- Supplied material
((
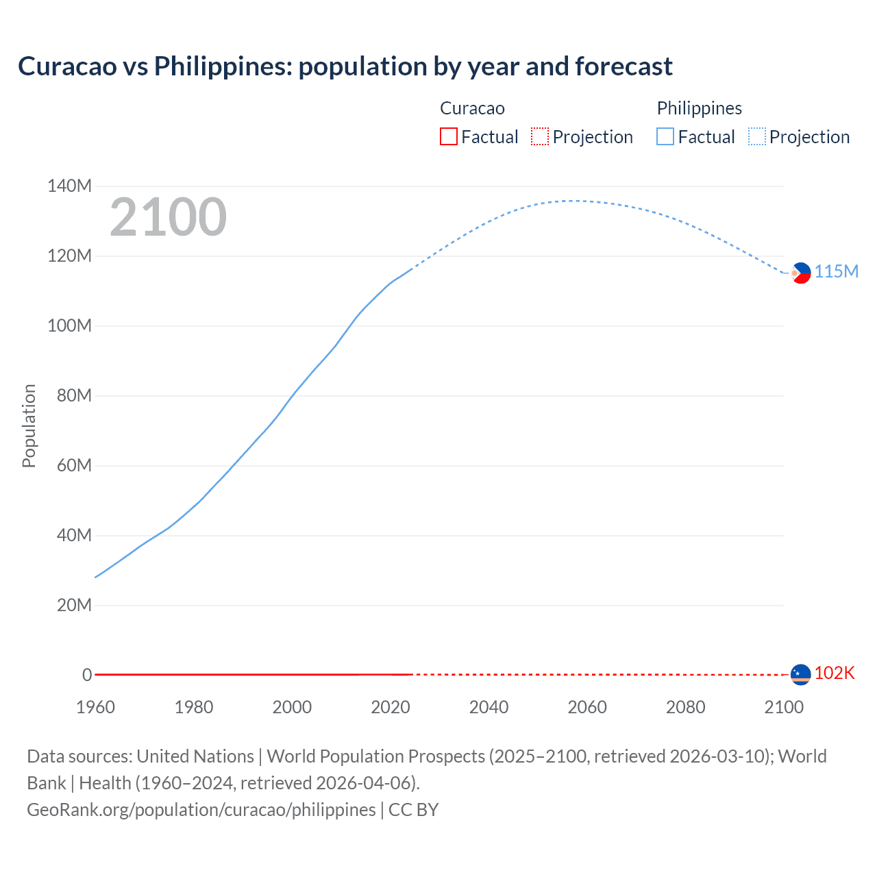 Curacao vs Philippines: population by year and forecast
))
((
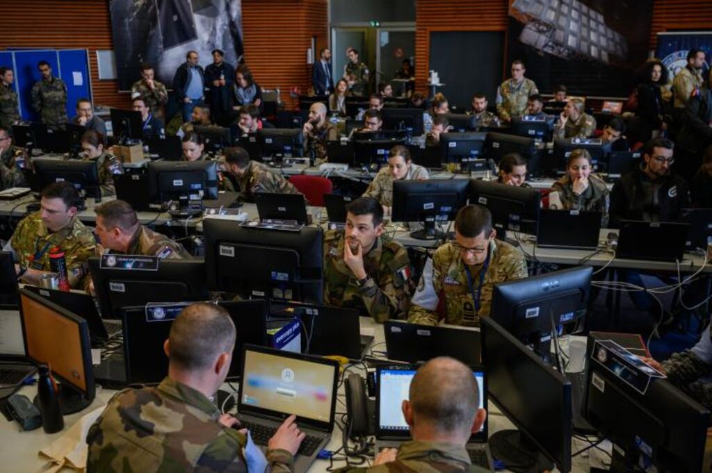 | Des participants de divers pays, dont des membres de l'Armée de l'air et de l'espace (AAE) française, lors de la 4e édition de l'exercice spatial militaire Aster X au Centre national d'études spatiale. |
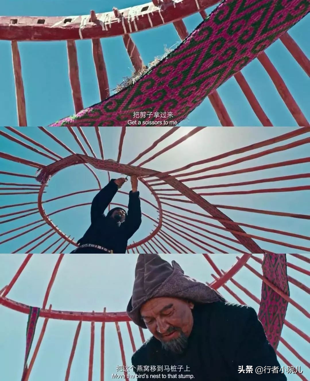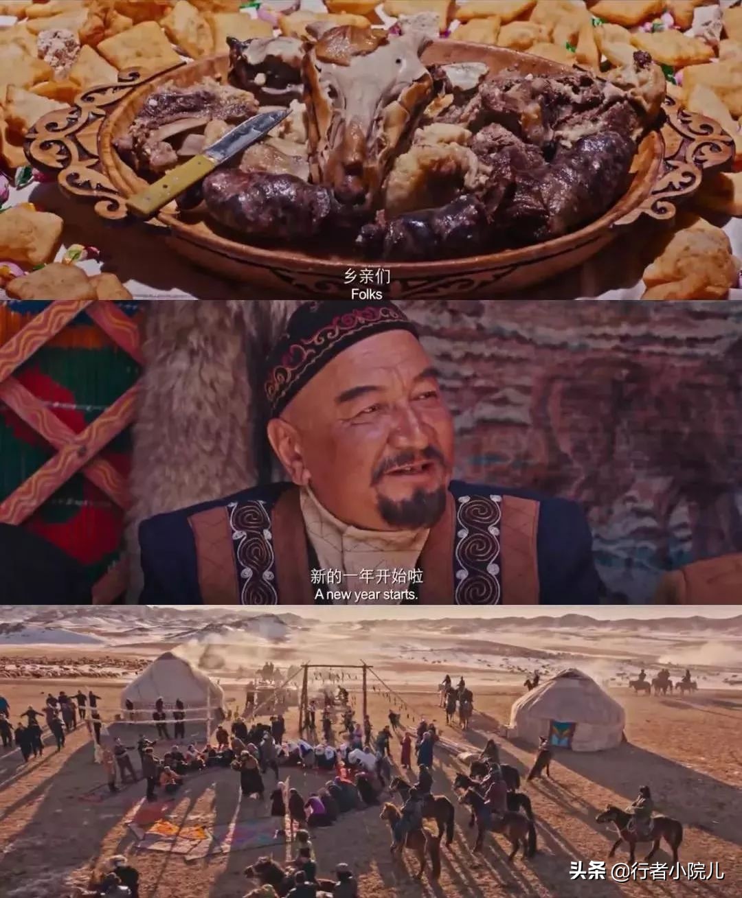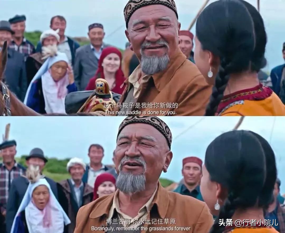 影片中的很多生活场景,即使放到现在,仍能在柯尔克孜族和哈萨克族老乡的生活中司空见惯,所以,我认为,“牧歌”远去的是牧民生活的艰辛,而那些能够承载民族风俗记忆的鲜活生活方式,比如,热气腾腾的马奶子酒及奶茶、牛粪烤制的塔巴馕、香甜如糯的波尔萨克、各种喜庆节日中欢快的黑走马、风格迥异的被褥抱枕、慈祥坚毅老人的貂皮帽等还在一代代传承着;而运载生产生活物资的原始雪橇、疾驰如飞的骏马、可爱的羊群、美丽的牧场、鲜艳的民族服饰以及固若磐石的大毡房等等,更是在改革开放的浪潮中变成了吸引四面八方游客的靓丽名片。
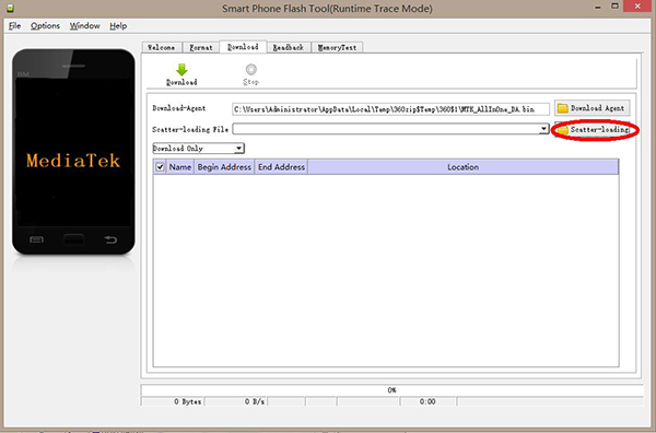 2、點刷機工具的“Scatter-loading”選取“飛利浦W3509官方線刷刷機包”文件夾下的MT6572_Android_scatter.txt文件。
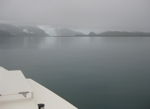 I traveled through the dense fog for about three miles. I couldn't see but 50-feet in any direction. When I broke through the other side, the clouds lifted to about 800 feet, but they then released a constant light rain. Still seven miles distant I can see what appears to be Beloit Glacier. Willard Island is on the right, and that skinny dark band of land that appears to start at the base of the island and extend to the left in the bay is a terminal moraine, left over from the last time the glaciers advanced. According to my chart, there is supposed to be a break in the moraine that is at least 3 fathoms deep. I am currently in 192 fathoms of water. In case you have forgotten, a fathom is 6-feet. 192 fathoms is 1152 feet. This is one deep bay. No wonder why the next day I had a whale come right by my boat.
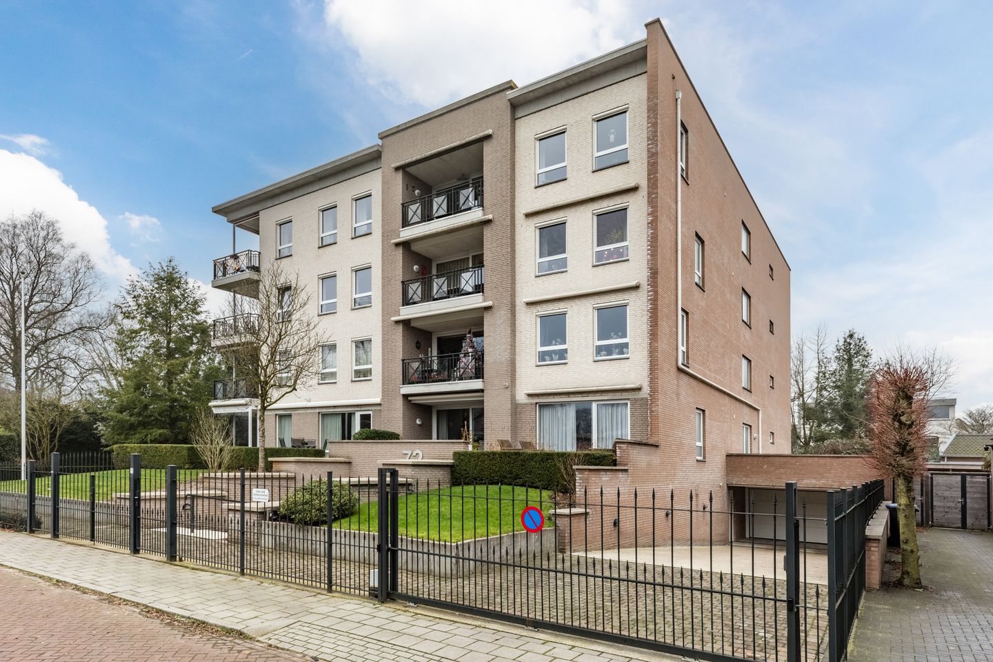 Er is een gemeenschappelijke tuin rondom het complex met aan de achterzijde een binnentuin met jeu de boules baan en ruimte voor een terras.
))
((
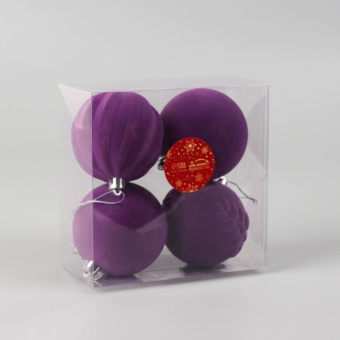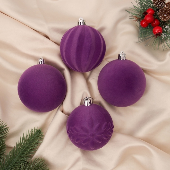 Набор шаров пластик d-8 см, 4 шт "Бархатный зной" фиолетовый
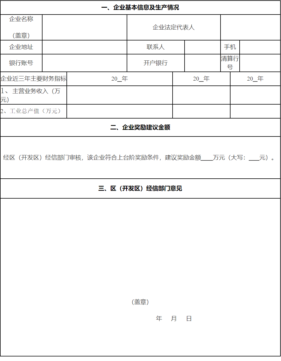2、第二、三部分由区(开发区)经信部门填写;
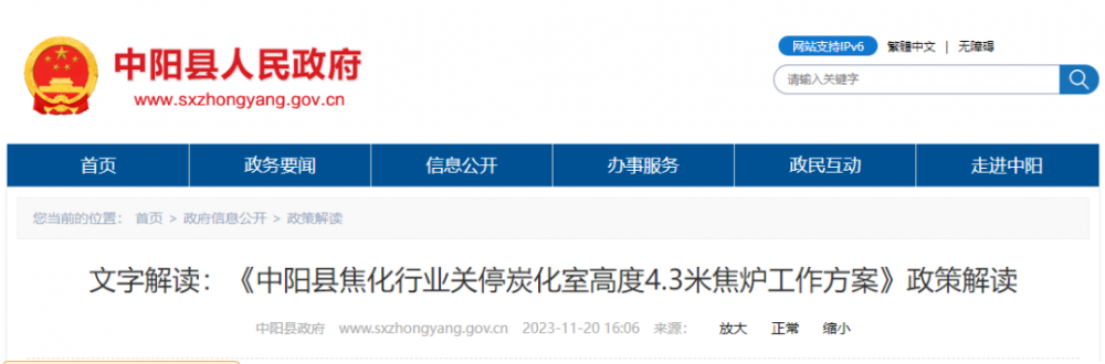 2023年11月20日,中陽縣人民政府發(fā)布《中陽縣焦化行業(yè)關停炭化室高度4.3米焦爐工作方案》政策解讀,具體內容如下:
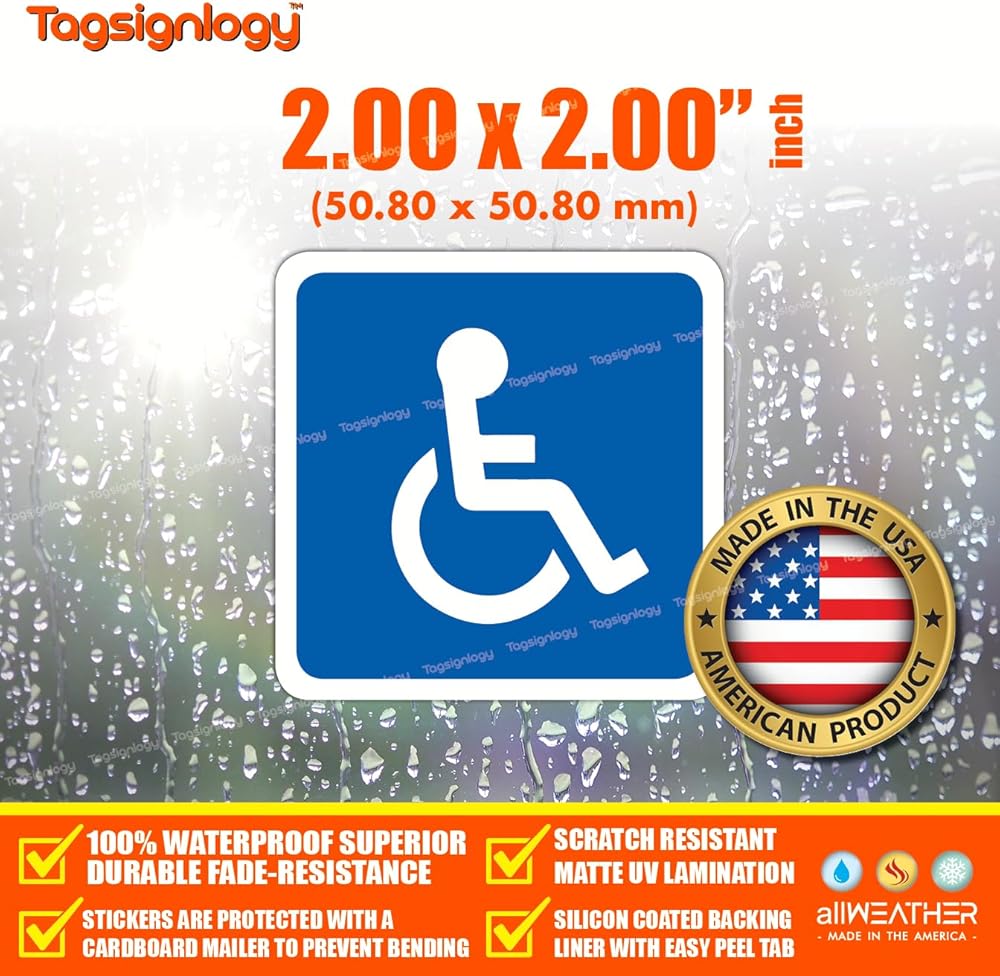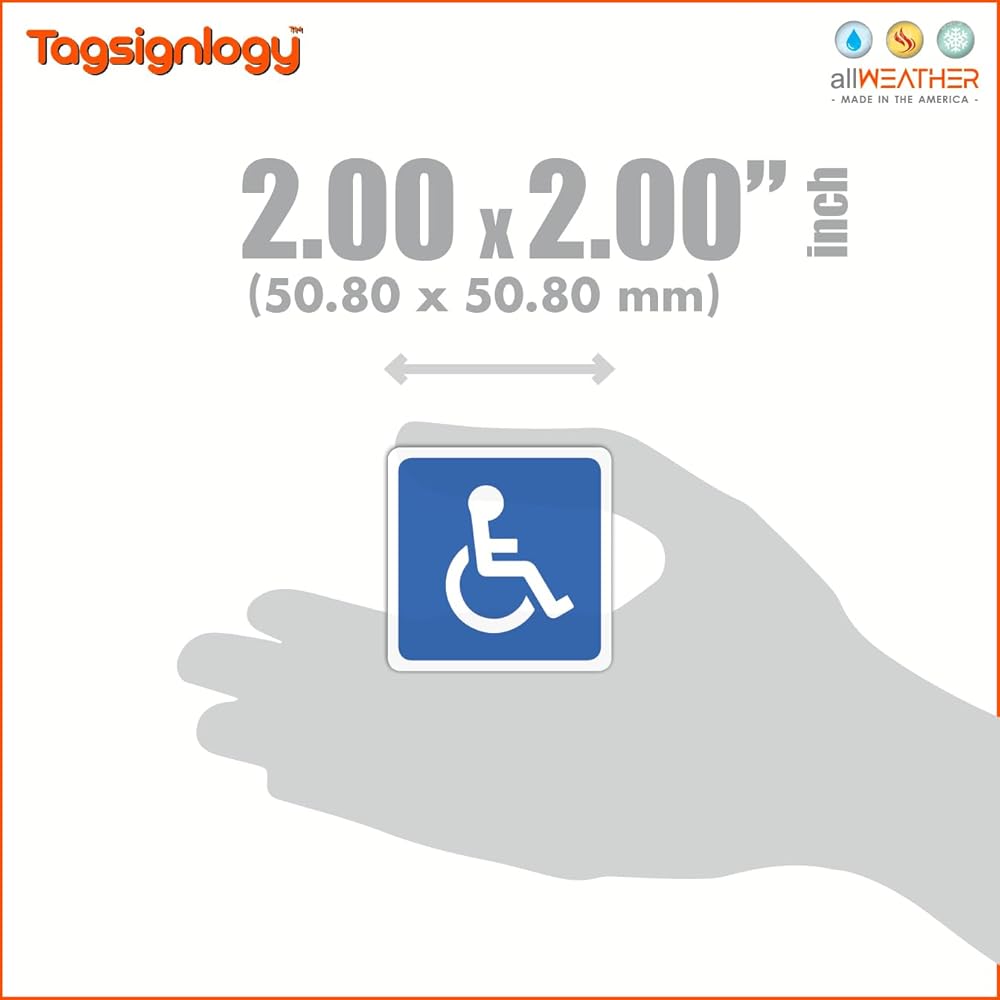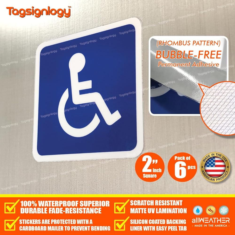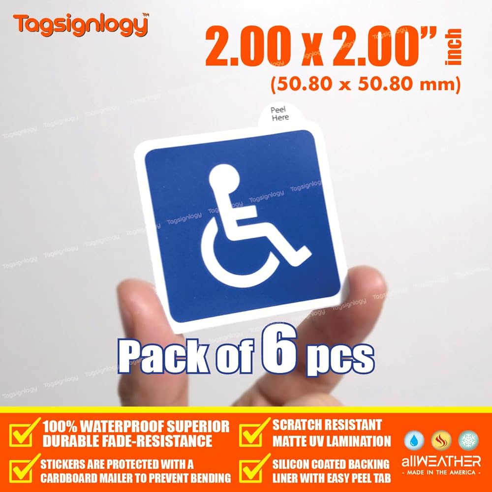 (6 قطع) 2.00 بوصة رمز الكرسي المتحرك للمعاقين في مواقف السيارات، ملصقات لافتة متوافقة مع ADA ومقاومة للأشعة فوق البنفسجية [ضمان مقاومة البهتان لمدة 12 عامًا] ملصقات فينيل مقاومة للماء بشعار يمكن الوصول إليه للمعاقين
))
- What the task requires
Using the entries above, repeat exactly the lines from the one with "Набор шаров пластик" to the one with "(6 قطع) 2.00", both included, and leave the pictures behind.

- Task result
 Набор шаров пластик d-8 см, 4 шт "Бархатный зной" фиолетовый
2、第二、三部分由区(开发区)经信部门填写;
 2023年11月20日,中陽縣人民政府發(fā)布《中陽縣焦化行業(yè)關停炭化室高度4.3米焦爐工作方案》政策解讀,具體內容如下:
 (6 قطع) 2.00 بوصة رمز الكرسي المتحرك للمعاقين في مواقف السيارات، ملصقات لافتة متوافقة مع ADA ومقاومة للأشعة فوق البنفسجية [ضمان مقاومة البهتان لمدة 12 عامًا] ملصقات فينيل مقاومة للماء بشعار يمكن الوصول إليه للمعاقين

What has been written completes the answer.